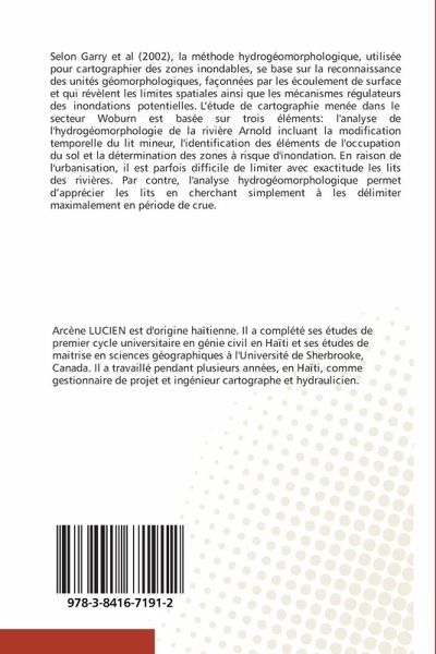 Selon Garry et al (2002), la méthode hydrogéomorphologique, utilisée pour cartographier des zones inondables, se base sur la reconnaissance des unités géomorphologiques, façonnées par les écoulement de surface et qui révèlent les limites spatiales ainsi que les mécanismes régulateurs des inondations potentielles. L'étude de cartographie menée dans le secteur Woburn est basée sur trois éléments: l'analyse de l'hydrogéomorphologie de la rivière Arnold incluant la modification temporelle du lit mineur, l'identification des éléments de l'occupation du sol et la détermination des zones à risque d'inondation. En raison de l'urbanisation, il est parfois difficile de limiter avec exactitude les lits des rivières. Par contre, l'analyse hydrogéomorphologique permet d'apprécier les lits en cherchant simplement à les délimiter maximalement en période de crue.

━━━━━━━━━━━━━━━━

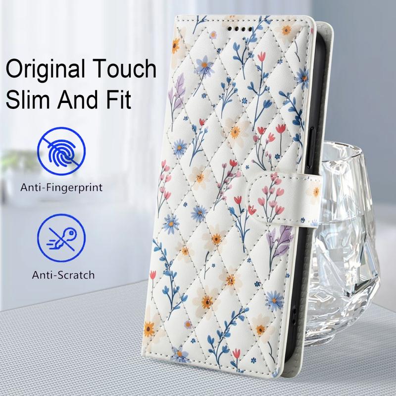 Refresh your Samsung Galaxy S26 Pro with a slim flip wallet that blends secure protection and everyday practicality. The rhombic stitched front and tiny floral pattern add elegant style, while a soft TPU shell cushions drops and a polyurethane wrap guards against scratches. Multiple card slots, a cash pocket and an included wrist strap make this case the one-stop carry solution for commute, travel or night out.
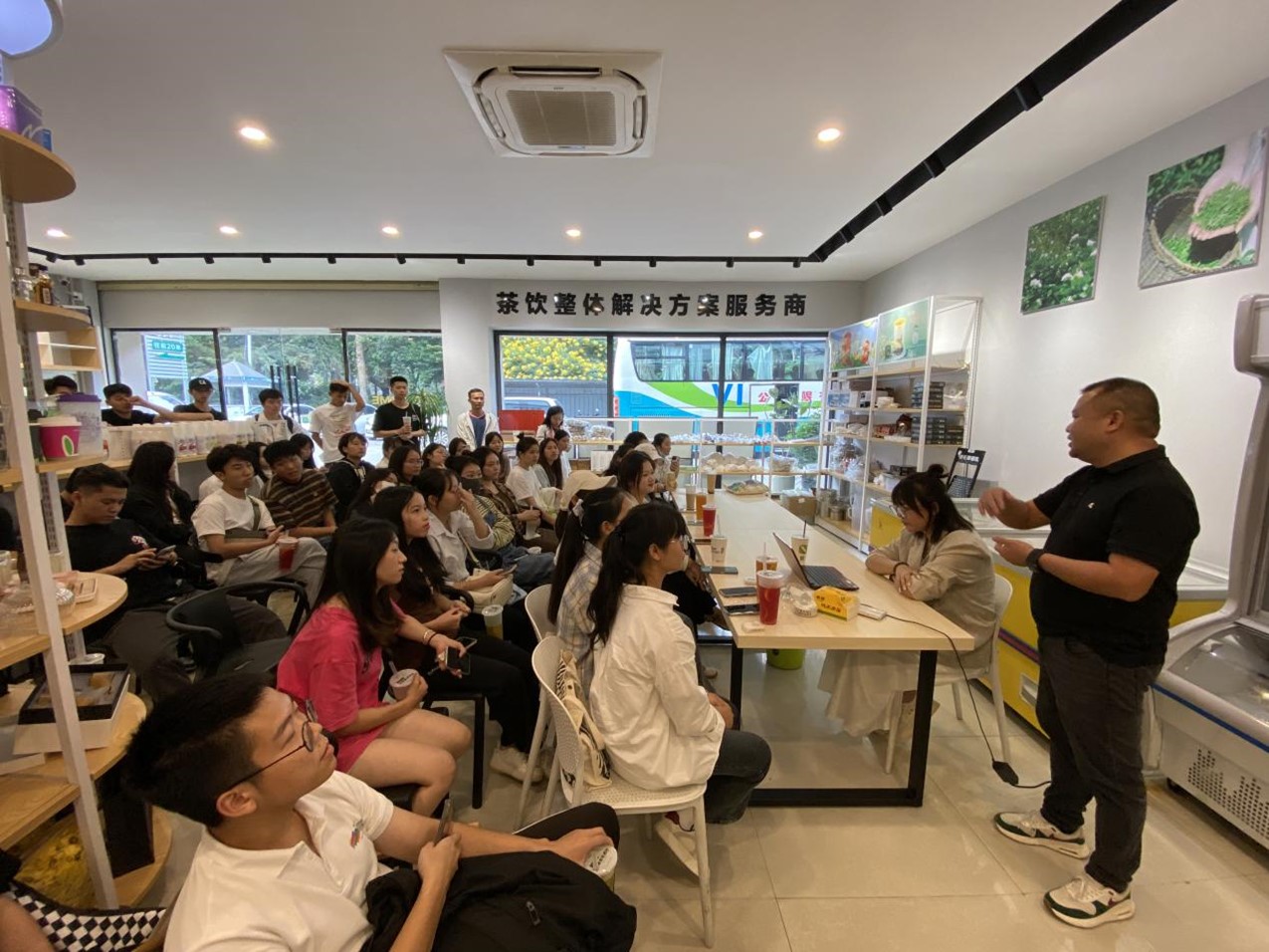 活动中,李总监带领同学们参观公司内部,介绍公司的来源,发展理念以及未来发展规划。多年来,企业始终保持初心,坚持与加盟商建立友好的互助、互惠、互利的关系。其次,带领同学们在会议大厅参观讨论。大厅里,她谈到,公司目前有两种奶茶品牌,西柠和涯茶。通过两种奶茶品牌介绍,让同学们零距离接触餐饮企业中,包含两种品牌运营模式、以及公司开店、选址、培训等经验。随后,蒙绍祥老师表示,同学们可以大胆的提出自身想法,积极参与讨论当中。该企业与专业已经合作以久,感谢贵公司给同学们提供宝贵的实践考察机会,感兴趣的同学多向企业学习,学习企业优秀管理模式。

━━━━━━━━━━━━━━━━

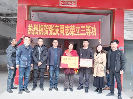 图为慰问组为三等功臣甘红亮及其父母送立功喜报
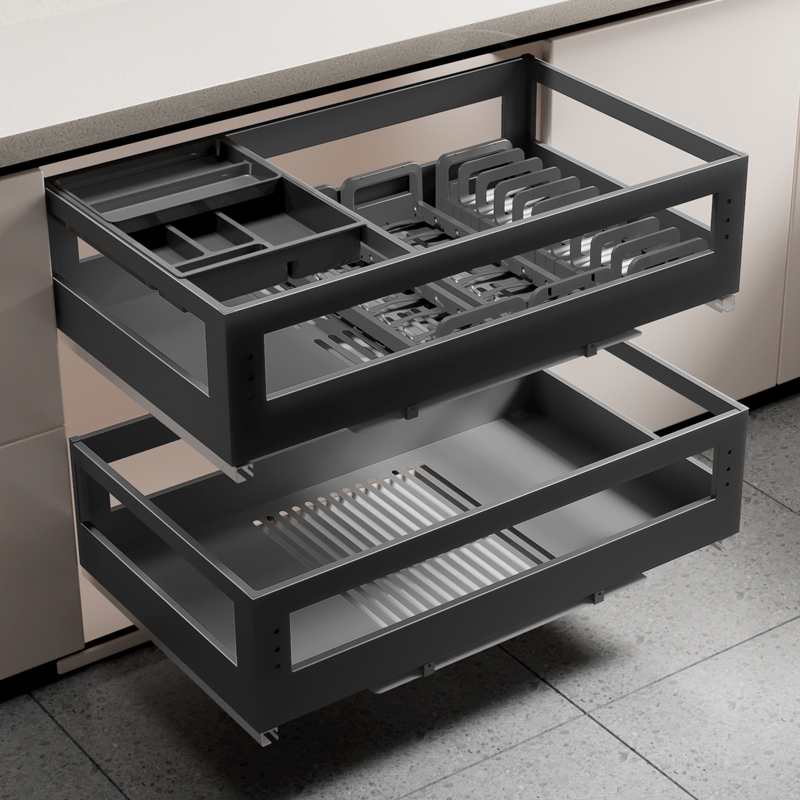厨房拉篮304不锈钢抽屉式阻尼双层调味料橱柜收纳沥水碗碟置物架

━━━━━━━━━━━━━━━━

Within the listing above, the stretch from the line with "图为慰问组为三等功臣甘红亮及其父母送立功喜报" down to the line with "厨房拉篮304不锈钢抽屉式阻尼双层调味料橱柜收纳沥水碗碟置物架" is to be given again exactly, end lines included and pictures excluded.

:: Solution for this problem ::
 图为慰问组为三等功臣甘红亮及其父母送立功喜报
厨房拉篮304不锈钢抽屉式阻尼双层调味料橱柜收纳沥水碗碟置物架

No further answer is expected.